Strangely, Mr E has a lovely golden dog, called Laddie, who is in prime condition. He spends most of his time at the pub. Every afternoon the pub people tell him, “The Meals On Wheels people are going to your house now.” To which he downs his can of beer, scoots out, races along the street, gets home and sets himself at the table. Some days he eats a slice of bread while waiting.
Mr E has a round face, youthful complexion and a freshness about him. His eyes give nothing away. He is 82 years old, lights a pipe that is not there, puts burning mosquito coils on top boxes of matches and drinks a lot of beer.
Mr E loves his dog Laddie. He is regal and seems to do you a favour by just being and allowing you to do things for him.
3rd Oct 1975
The Welshman was a smoothie, very charming with the women and drank heavily. He would offer to help with some job around the house, look around and then steal. Usually timber, paint or some other building material.
One day he was drunk and announced, “If anyone annoyed me, I’d burn their house down, just like that, no messing around… wouldn’t be the first time either.”
He was suspected of having burned down the community hall, the school and even a second community hall. He was Master of Ceremonies (M.C.) at six-penny dances that were run to pay for the community hall. But one night he arrived drunk so the people refused to have him as M.C. That was the night the community hall burned down.

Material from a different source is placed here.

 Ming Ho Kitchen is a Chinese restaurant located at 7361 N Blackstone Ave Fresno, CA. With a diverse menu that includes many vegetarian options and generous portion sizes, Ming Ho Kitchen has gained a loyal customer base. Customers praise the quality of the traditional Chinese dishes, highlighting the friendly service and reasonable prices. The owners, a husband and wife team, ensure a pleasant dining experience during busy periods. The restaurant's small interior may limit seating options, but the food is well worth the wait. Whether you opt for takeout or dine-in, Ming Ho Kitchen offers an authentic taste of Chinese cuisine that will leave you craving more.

Letter to The President of the RSL
[Emu Park, October 1975]
We need your help! Not your money! A group of local people have organised MATTARA* to seek out anyone in the community needing care; not medical care, not charity, just contact with other members of their community.

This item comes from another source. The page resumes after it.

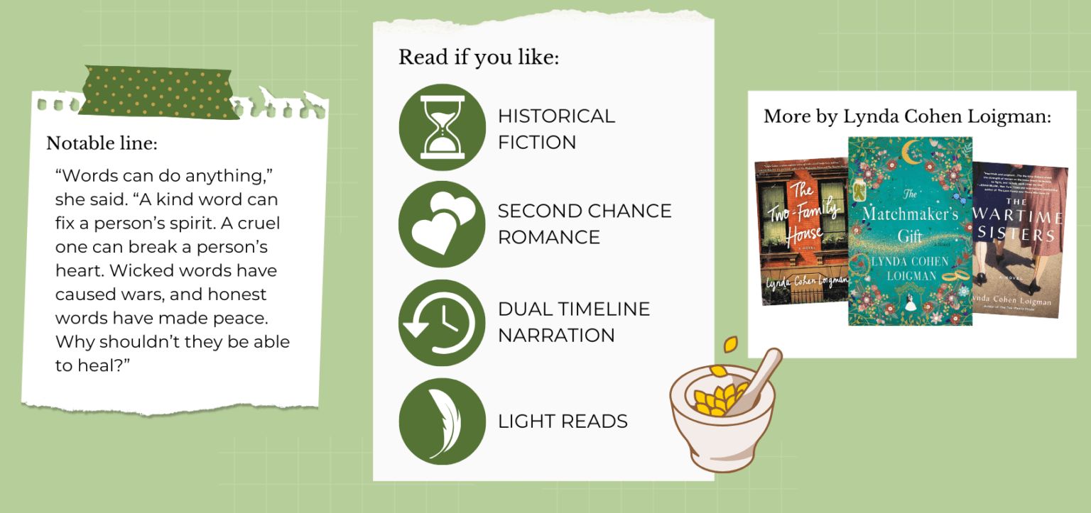 As a teenager growing up in 1920’s Brooklyn, Augusta’s role model was her father, Solomon Stern, the trusted owner of the local pharmacy and the neighborhood expert on every ailment. But when Augusta’s mother dies and Great Aunt Esther moves in, Augusta can’t help but be drawn to Esther’s curious methods. As a healer herself, Esther offers Solomon’s customers her own advice—unconventional remedies ranging from homemade chicken soup to a mysterious array of powders and potions.

Some elderly folk are fit and well, others have helpful relatives or neighbours. Some, however, lead very lonely lives, others need practical help in small but important matters. Some, for example, have weak eyesight and cannot even read a newspaper; some are too frail to catch the bus and need to be taken shopping for necessities. Others have electrical fittings which are faulty and deteriorating. The main need on their part is for a little human contact and on our part to be able to find out when help is needed.
Younger people, too, may run into temporary difficulties and may need similar kinds of help. We do not seek out any specific age group, just people in need of care.
We have no doubt that your organisation will wish to share our concern and we shall greatly appreciate your nominating one of your members to join our group – not necessarily for visiting – advice of those needing care will be of tremendous assistance.
[Eight members were listed, including my mother, with three as contact people]
A meeting will be held at the Library on Thursday, 30th October at 7:30 pm. May we welcome your representative then? If unable to attend please telephone to convey your willingness to help us.